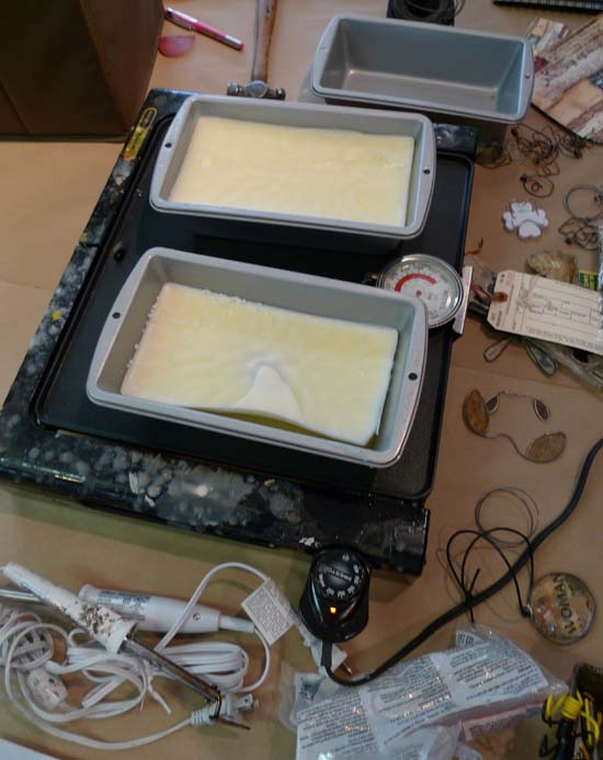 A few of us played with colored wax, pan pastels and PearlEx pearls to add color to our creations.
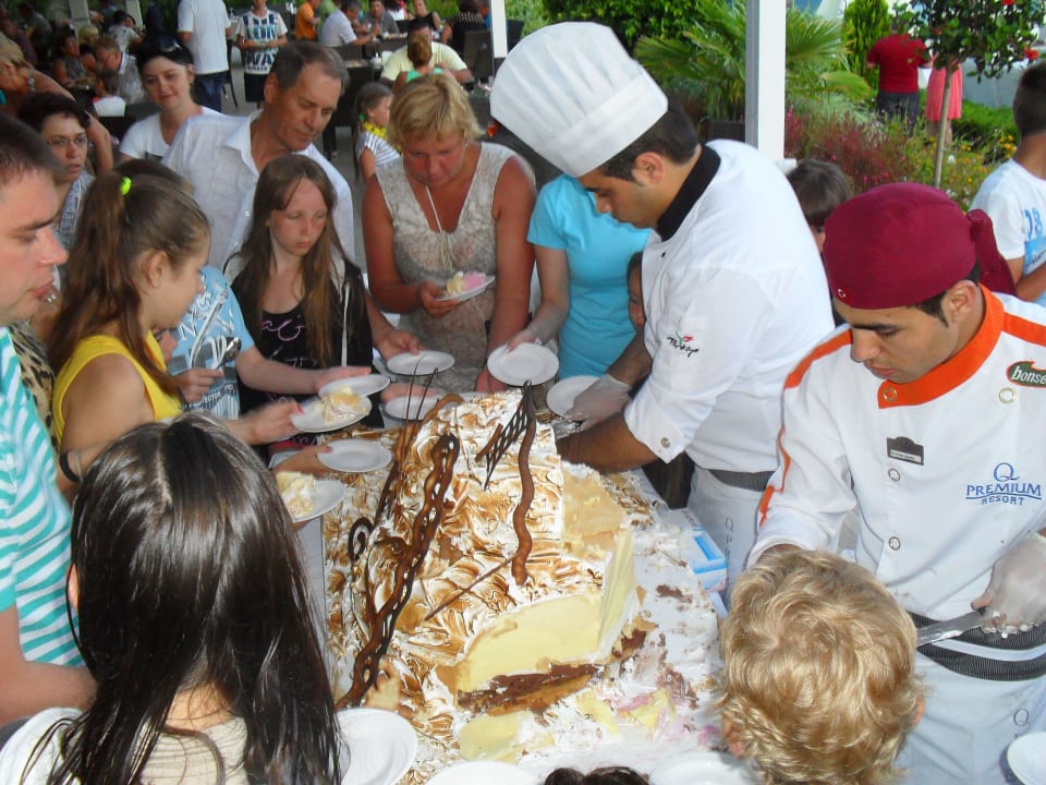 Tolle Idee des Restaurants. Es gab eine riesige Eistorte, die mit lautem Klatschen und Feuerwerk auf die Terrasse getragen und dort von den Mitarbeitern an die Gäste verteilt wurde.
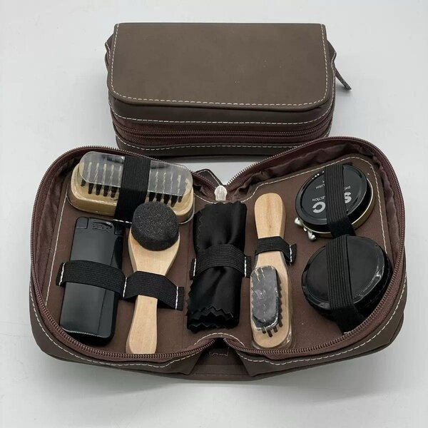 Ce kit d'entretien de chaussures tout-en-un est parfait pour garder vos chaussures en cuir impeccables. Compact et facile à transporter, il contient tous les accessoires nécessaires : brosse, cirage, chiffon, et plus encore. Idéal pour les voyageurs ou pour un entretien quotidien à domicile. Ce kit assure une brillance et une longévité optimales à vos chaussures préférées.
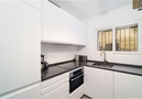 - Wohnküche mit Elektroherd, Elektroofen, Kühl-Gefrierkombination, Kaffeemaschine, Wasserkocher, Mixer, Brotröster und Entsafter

+ + + +

### About this task
To complete the exercise, return the listing above exactly and omit its pictures.

### Answer box
 A few of us played with colored wax, pan pastels and PearlEx pearls to add color to our creations.
 Tolle Idee des Restaurants. Es gab eine riesige Eistorte, die mit lautem Klatschen und Feuerwerk auf die Terrasse getragen und dort von den Mitarbeitern an die Gäste verteilt wurde.
 Ce kit d'entretien de chaussures tout-en-un est parfait pour garder vos chaussures en cuir impeccables. Compact et facile à transporter, il contient tous les accessoires nécessaires : brosse, cirage, chiffon, et plus encore. Idéal pour les voyageurs ou pour un entretien quotidien à domicile. Ce kit assure une brillance et une longévité optimales à vos chaussures préférées.
 - Wohnküche mit Elektroherd, Elektroofen, Kühl-Gefrierkombination, Kaffeemaschine, Wasserkocher, Mixer, Brotröster und Entsafter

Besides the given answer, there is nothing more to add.